Enforcing specificity

ADAPT can enforce strict specificity so that designs will distinguish related taxa.

For all INPUT-TYPEs, ADAPT can enforce specificity by parsing the --specific-against-* arguments. When INPUT-TYPE is auto-from-file or fasta, ADAPT will also automatically enforce specificity between taxa/FASTA files using a single specificity index.

To enforce specificity, the following arguments to design.py are important:

  • --id-m ID_M / --id-frac ID_FRAC: These parameters specify thresholds for determining specificity. Allow for up to ID_M mismatches when determining whether a guide hits a sequence in a taxon other than the one for which it is being designed, and decide that a guide hits a taxon if it hits at least ID_FRAC of the sequences in that taxon. ADAPT does not design guides that hit a taxon other than the one for which they are being designed. Higher values of ID_M and lower values of ID_FRAC correspond to more strict specificity. (Default: 4 for ID_M, 0.01 for ID_FRAC.)
  • --specific-against-fastas [fasta] [fasta ...]: Design guides to be specific against the provided sequences (in FASTA format; do not need to be aligned). That is, the guides should not hit sequences in these FASTA files, as measured by ID_M and ID_FRAC. Each [fasta] is treated as a separate taxon when ID_FRAC is applied.
  • --specific-against-taxa SPECIFIC_TSV: Design guides to be specific against the provided taxa. SPECIFIC_TSV is a path to a TSV file where each row specifies a taxonomy with two columns: (1) NCBI taxonomy ID; (2) segment label, or 'None' if unsegmented. That is, the guides should not hit sequences in these taxonomies, as measured by ID_M and ID_FRAC.

Searching for complete targets

When SEARCH-TYPE is complete-targets, ADAPT performs a branch and bound search to find a collection of assay design options. It finds the best N design options for a specified N. Each design option represents a genomic region containing primer pairs and guides between them. There is no set length for the region. The N options are intended to be a diverse (non-overlapping) selection.

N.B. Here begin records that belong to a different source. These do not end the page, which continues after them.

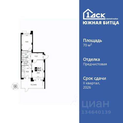Прямая продажа от застройщика! Семейный жилой район класса Комфорт Плюс Продаётся 2-к квартира номер 159 общей площадью 52.7 кв.м. на 21-м этаже 22 этажного дома. Чистовая отделка. Цена с учётом скидки! Особенности квартиры: - Линейная планировка - максимальная функциональность и удобство. - Раздельный санузел - больше удобства для всех членов семьи. - Просторная кухня - место для семейных ужинов и кулинарных экспериментов. - Гардеробная - удобство для хранения и организации вещей. - Лоджия - уютное место для отдыха и тишины. - Панорамное остекление лоджии - открывает вид на окружающий мир. Информация о комплексе: Сочетание свободного перемещения по внутреннней территории без машин и ощущения абсолютной безопасности благодаря надежным ограждениям - вот что отличает ЖК Южная Битца. На территории комплекса созданы все условия как для активного образа жизни, так и для спокойного времяпрепровождения. Свободно перемещайтесь по внутренней территории в безбарьерной среде! Продуманное зонирование во дворах позволяет отделить тихие зоны для родителей со спящими младенцами и тех, кто хочет почитать на свежем воздухе, от шумных игровых зон. Игровые зоны учитывают возраст детей. Площадки для детей старшего возраста вынесены за пределы дворов. Ощущение уютного дома должно начинаться с подъезда. Мы постарались предусмотреть все нюансы, чтобы наши лифты отвечали самым строгим современным требованиям. А наличие кладовых позволит вам поддерживать идеальный порядок и уют в вашей квартире! Транспортная доступность: В 3 км от МКАД в нескольких минутах езды до трех станций метро: Аннино, Бульвар Дмитрия Донского, улица Старокочаловская и станции МЦД2 - жд Бутово. Внутренняя инфраструктура: Для жителей жилого района "Южная Битца" доступна развитая инфраструктура близлежащих московских районов Чертаново, Южное, Бирюлёво Западное, Северное Бутово и Южное Бутово. Множество образовательных учреждений, объекты здравоохранения, торговые и развлекательные центры, кинотеатры, кафе, рестораны, парки. Продам квартиру первичка в поселке Битца Московской области.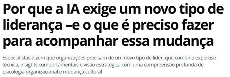 O mundo está em constante transformação, e a Inteligência Artificial já não é mais uma promessa futurista, mas uma realidade que redefine a liderança. Fique por dentro das últimas tendências e insights que reforçam a urgência de líderes dominarem a IA: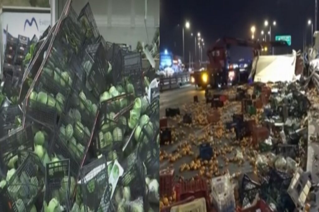 Τροχαίο στην Αθηνών-Κορίνθου: Ο οδηγός με τα λάχανα είχε ίδιο ατύχημα στον Κηφισό... με πορτοκάλια [Βίντεο]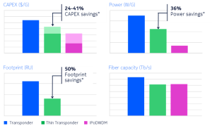 Para quantificar os benefícios dos thin transponders, foi realizada uma análise de rede em um enlace óptico de 1.000 km totalmente preenchido (Banda C), comparando lado a lado os três modelos de implantação. Em comparação com transponders embarcados, os thin transponders oferecem redução significativa em CapEx ($/G), consumo de energia (W/G) e ocupação de espaço (RU). No entanto, oferecem cerca de 20% menos capacidade por fibra.

Below are key arguments to design.py when SEARCH-TYPE is complete-targets:

  • --best-n-targets BEST_N_TARGETS: Only compute and output the best BEST_N_TARGETS design options, where each receives an objective value according to OBJ_FN_WEIGHTS. Note that higher values of BEST_N_TARGETS can significantly increase runtime. (Default: 10.)
  • --obj-fn-weights OBJ_FN_WEIGHTS: Coefficients to use in an objective function for each design target. See design.py complete-targets [INPUT-TYPE] --help for details.
  • -pl PRIMER_LENGTH: Design primers to be PRIMER_LENGTH nt long. (Default: 30.)
  • -pp PRIMER_COVER_FRAC: Same as -gp described above, except for the design of primers. (Default: 1.0.)
  • -pm PRIMER_MISMATCHES: Tolerate up to PRIMER_MISMATCHES mismatches when determining whether a primer hybridizes to a sequence. (Default: 0.)
  • --max-primers-at-site MAX_PRIMERS_AT_SITE: Only allow up to MAX_PRIMERS_AT_SITE primers at each primer site. If not set, there is no limit. This argument is mostly intended to improve runtime — smaller values (~5) can significantly improve runtime on especially diverse viruses — because the number of primers is already penalized in the objective function. Note that this is only an upper bound, and in practice the number will usually be less than it. (Default: not set.)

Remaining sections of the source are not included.